Born in the year 895, she was educated by her grandmother, also named Matilda, who was abbess of the monastery of Herford. In 909, she became the second wife of Henry the Fowler who, three years later, was elected Duke of Saxony and, in 919, King of Germany. Matilde gave him five children: Otto I the Great, Gerberga (who married King Louis IV of France in 940), Hedwig, Henry and Bruno who became Archbishop of Cologne in 953.

In 936, her husband died. She is said to have supported her young son Henry's candidacy for the throne, but Otto was elected as her eldest son. There were disagreements over her preference, and Matilda suffered a great deal for it.

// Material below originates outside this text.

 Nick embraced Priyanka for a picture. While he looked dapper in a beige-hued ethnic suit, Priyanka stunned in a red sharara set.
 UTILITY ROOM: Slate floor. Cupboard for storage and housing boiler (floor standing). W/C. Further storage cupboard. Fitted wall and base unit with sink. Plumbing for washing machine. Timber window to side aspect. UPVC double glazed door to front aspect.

Then the family reconciled and after the coronation of Otto in Rome in 962, reunited in Cologne, whereas Matilda retired to the monastery of Nordhausen. Later, having fallen ill, she retired to the monastery of Quedlinburg, in Saxony. Both monasteries, in addition to those of Poehlde and Enger, had been founded by herself.

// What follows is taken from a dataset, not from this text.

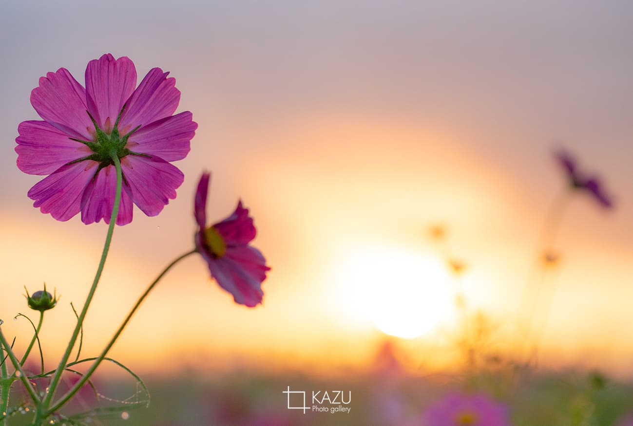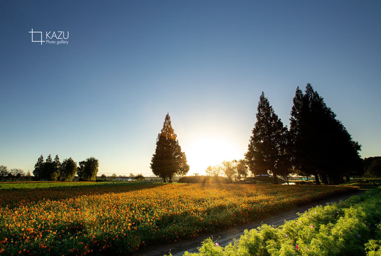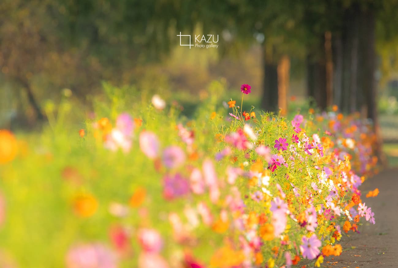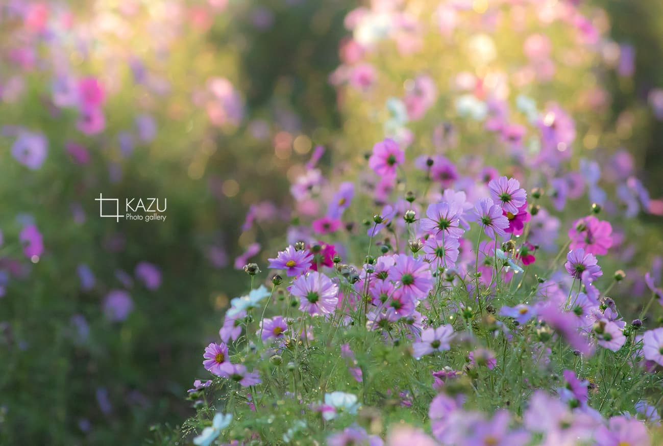 今日は人が全然いません、天気予報のせいか公園が月曜日休みのせいか7時になると2〜3人いた撮影者も帰ってしまって私一人です、私一人のコスモス畑。

Previously, she had already been led to live in a religious community by her two sons Otto and Henry, who were worried about her mother's excessive generosity in helping the poor and the sick. In fact, she did not live at court, but went in search of the needy; this is a fact unanimously underlined by the iconography about her: Matilda, as we can also see in the beautiful marble statue of the cathedral of Milan (one of the 3,400 statues that adorn the splendid Gothic construction!), is usually depicted with a long robe, the cloak on her shoulders and the crown on her head, holding a bag with money or medicines, while visiting the houses of the poor and stopping next to the bed of the sick. The marble statue of St. Matilda is particularly effective in conveying the solemnity of the figure of the queen. It also transmits extreme simplicity: only the crown tells us that we are in front of an important person, whereas the robe, on which a beautiful cross stands out, and the cloak, with the edge embellished by a simple embroidery, reveal the sobriety and humility of the woman.

In addition to her husband, Matilda also lost two children, Henry in 955 and Bruno in 965. The holy queen, to whom biographers attribute the gift of prophecy, died in Quedlinburg on 14 March 968 and was buried in the castle chapel next to her husband. The German dioceses of Paderborn, Fulda and Munich are particularly devoted to her.